» Task prompt
Retype exactly what appears below from the line containing "Case Noyale Social Welfare Centre" down to the line containing "GOLD CREEK —", keeping both end lines. Do not include pictures.

Start of Given data

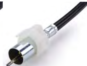
Ford Clip On Cable 130050-36
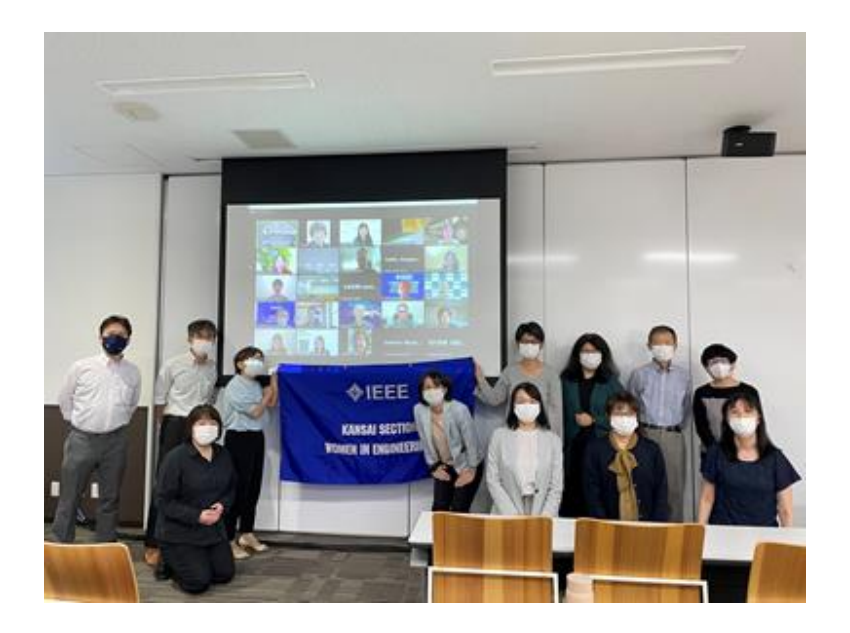
WIE Symposium 2021
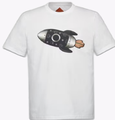
ROCKET T-SHIRT IN ORGANIC COTTON SIZE : S,M,L,XL THB 11,200 / NOW THB 5,600
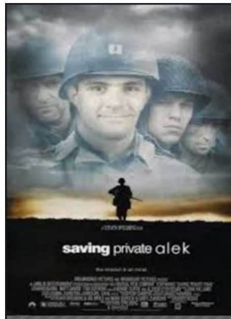
(U) Figure 1: Depiction of Alek Minassian as a soldier. Figure was archived and unavailable at the time of publication.
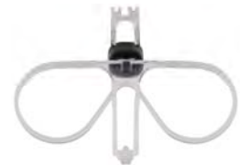
0098 Spectacle Kit
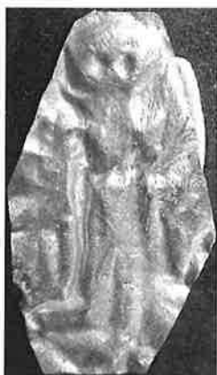
Fig. 13. A wraith with its legs and arms pointing downward. Its palms are facing the observer, its feet point to its right side. [D-I-1]

The next category [D] is called wraiths. Formerly some guldgubber of this group were called dancers (Watt 1992, pp. 213–215), but a closer look at the details of this group makes another explanation more plausible. They have big eyes and seldom any facial distinctions. They are always naked yet nevertheless have no gender specifications. They have exaggerated hands. Attributes of the wraiths are: a staff and in the case of one imprint a necklace. Sometimes a gold collar made of a piece of gold was wrapped around the guldgubbe after stamping.
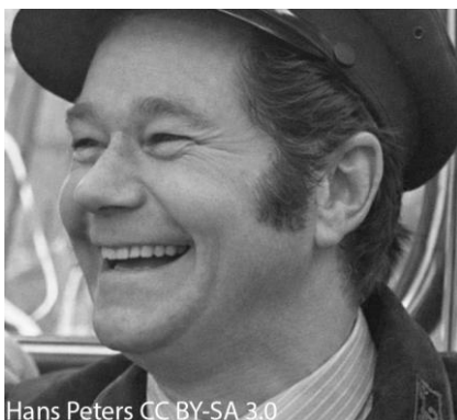
2 Reg Varney
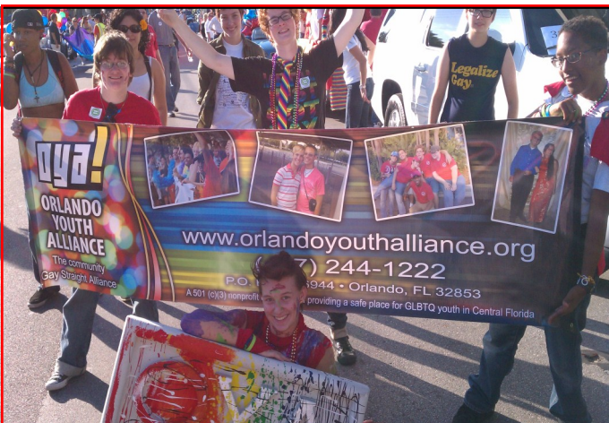
OYA Youth Members Marching in the Parade for Come Out With Pride 2011
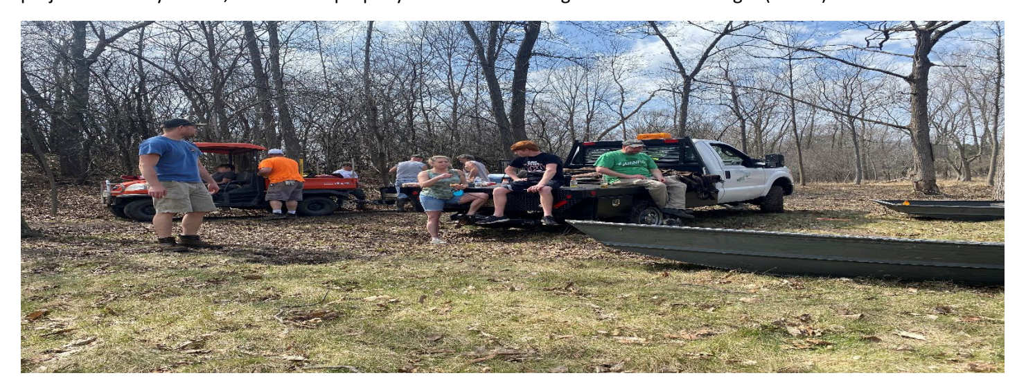
The grant has been extended so more work is anticipated in the Spring of 2023.
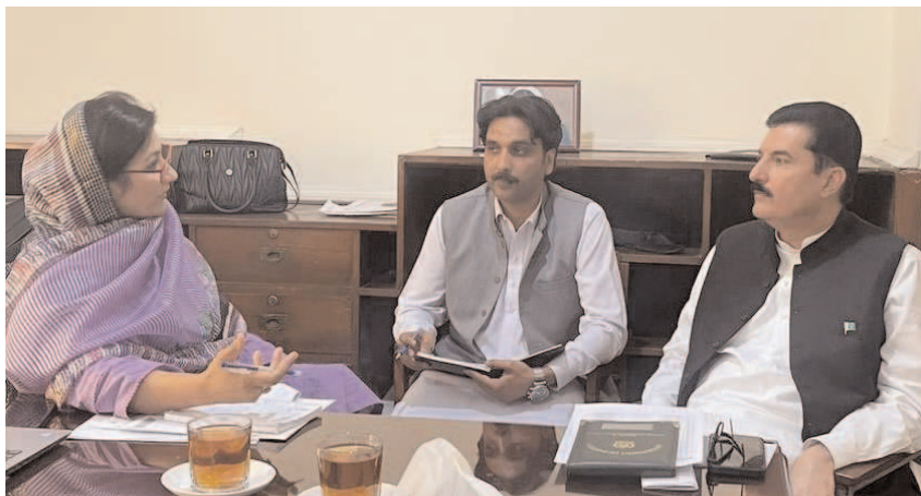
PESHAWAR: Federal Minister Faisal Kareem Kundi meeting with Director General BISP during his visit to central zonal office KP region.

tate people and resolve their confronting problems. The representatives of multinational and national companies from across the country observe and evaluate the projects of the students and conduct their interviews.
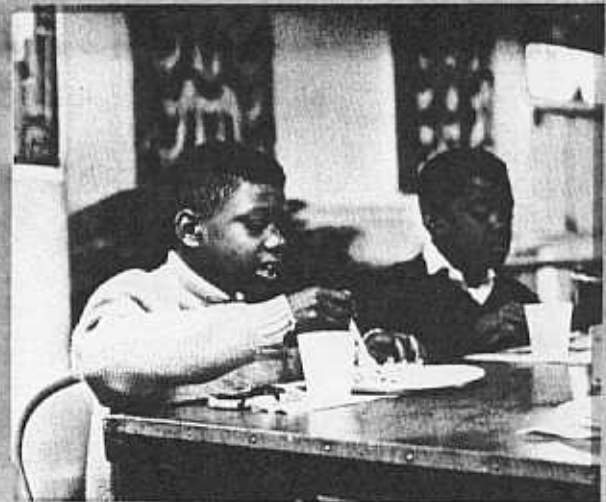
Grits, eggs and bacon is what's happening
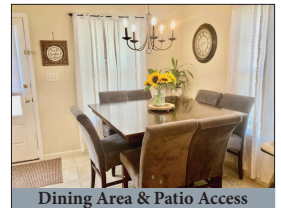
Dining Area & Patio Access
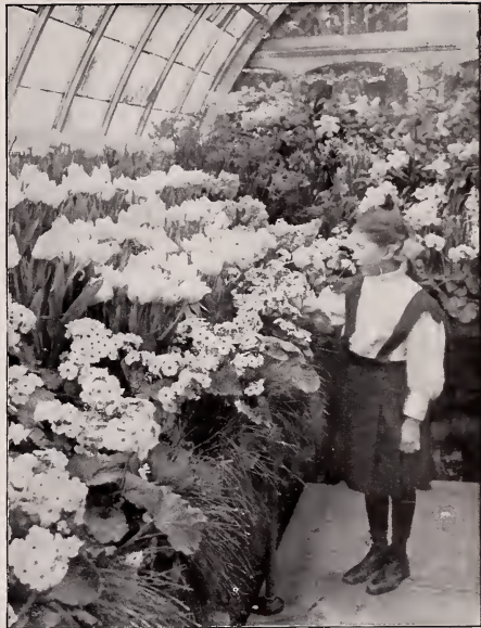
AN EASTER DISPLAY
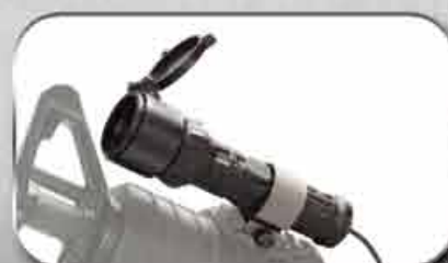
Combat Lite G&G 6 Tactical Pack
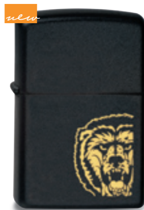
new Bear Growling 2.000.304 #218 · 35,- €

* © 2009 PB&J Design, Inc. All Rights are reserved. American Hardcore® is a registered Trademark of PB&J Design, Inc.
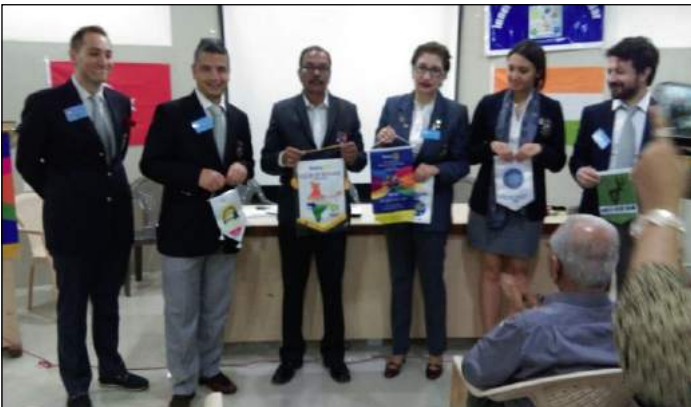
GSE TEAM FROM TURKEY
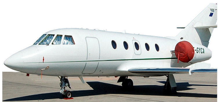
Falcon Engine Cover & Cockpit HeatShields
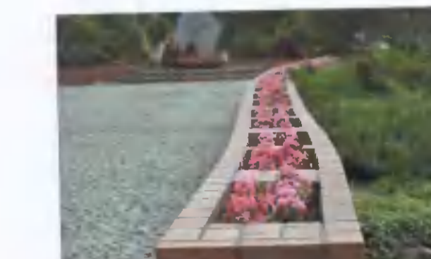
- Proposed Raised Bed Landscaping
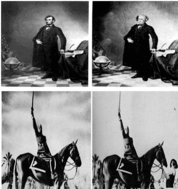
Fig.1 Illustration of typical image forgery

Image Retouching: This method involves using any advanced Image editing tool to edit and modify the images in any manner and as required. This method makes the look and feel of the image as authentic as possible. This is like a polishing of the forger image by bringing fine modification in the color, illumination etc.
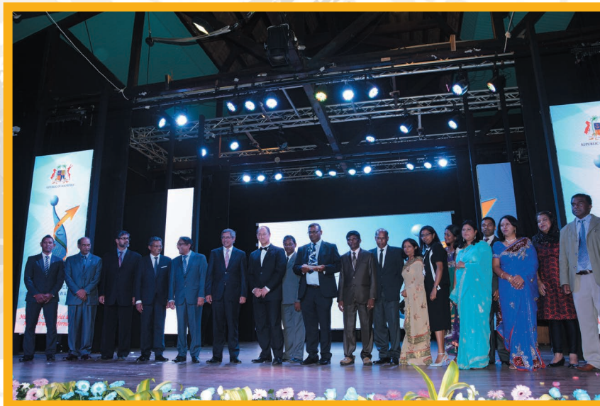
Case Noyale Social Welfare Centre
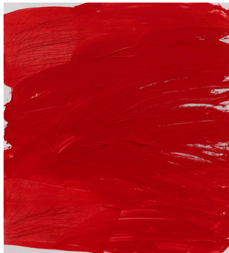
Studio List 2024, 71 x 64 cm
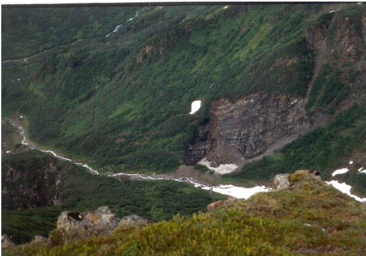
GOLD CREEK — Water quality at Gold Creek is one of the major issues about re-opening the AJ mine — Get Photo ( /photos/gold-creek/ )

AEL&P has stated that there is currently no surplus power available for a mine. The mine facility would have to generate power (/Issues/MetalsMining/Powering-Large-Mines-In-Alaska.html) on-site, from diesel, or potentially from natural gas. AEL&P has also raised the possibility (http://juneauempire.com/stories/022411/loc_790464502.shtml) of having the mine operator partner with AEL&P to expand the Lake Dorothy hydropower project (http://www.aelp.com/Lake%20Dorothy/lakedorothy.htm) .
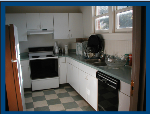
A full kitchen with plenty of storage space.
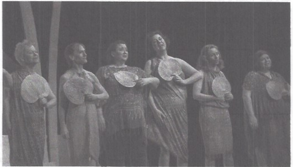
From Utopia Limited (2015)
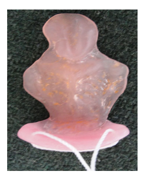
Fig. 4 Case 1, Heat cure prosthesis

choking of impression material in the throat and to prevent difficulty in breathing. Beading and boxing of the impression was made to obtain master cast in die stone. Outline of the prosthesis was marked and wax up was done accordingly using modeling wax (Fig. 3). Wax pattern was flasked and cured by conventional method to obtain heat cure acrylic resin prosthesis. After curing the prosthesis was retrieved; excess resin was trimmed and prosthesis was finished and polished (Fig. 4). The prosthesis was stored overnight under water to reduce residual monomer. Next day the prosthesis was tried in baby's mouth, adjusted for accurate fit and delivered (Fig. 5).

End of Given data

» The answer
Case Noyale Social Welfare Centre
Studio List 2024, 71 x 64 cm
GOLD CREEK — Water quality at Gold Creek is one of the major issues about re-opening the AJ mine — Get Photo ( /photos/gold-creek/ )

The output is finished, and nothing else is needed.